Maxim A. Bushuev is an associate professor and interim chair of information science and systems at Morgan State University. His research focuses on supply chain delivery performance, analyzed from both the supplier and buyer perspectives, and production planning models that integrate financial elements and multiple objective functions. Bushuev primarily employs stochastic modeling and optimization techniques to address these areas while remaining active in cross-disciplinary collaborations that bridge his core expertise with other fields of study.

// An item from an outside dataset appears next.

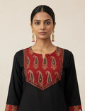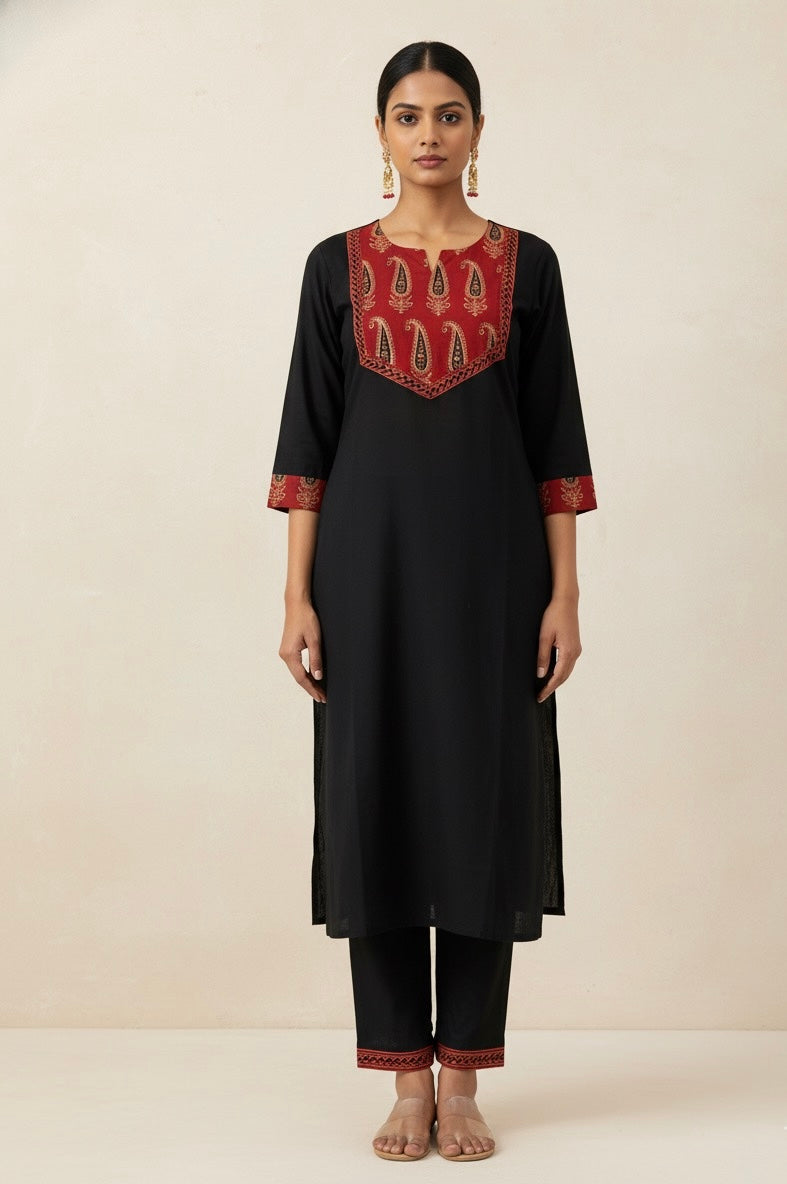 Straight fit pure Cotton two piece kurta pant set in Solid black color with brick red contrast yoke. Perfect for those who loved something new everytime they go for some official meet ups , conferences etc. make a solid impression with our soli base pant set.

  • Jay R. Brown & Maxim A. Bushuev (2024). Last Mile Delivery with Drones: A Carbon Emissions Comparison. International Journal of Sustainable Transportation

    The development and potential adoption of drones or unmanned aerial vehicles as delivery vehicles creates incredible opportunities and unique challenges for last mile delivery. This research first presents a last mile delivery fleet model with drones that can be further modified and expanded over time. The model shows the optimal number of drones needed based on deterministic or stochastic demand using both traditional charging and battery swapping. The research then compares the carbon emissions of four delivery modes: traditional internal combustion delivery vehicles, all-electric vehicles, plug-in hybrids, and drones within the context of last mile delivery. Findings reveal that the breakdown of carbon emissions by delivery modality depends on parameter assumptions, ambient temperature, delivery radius, electric grid pollution rate, and number of customers.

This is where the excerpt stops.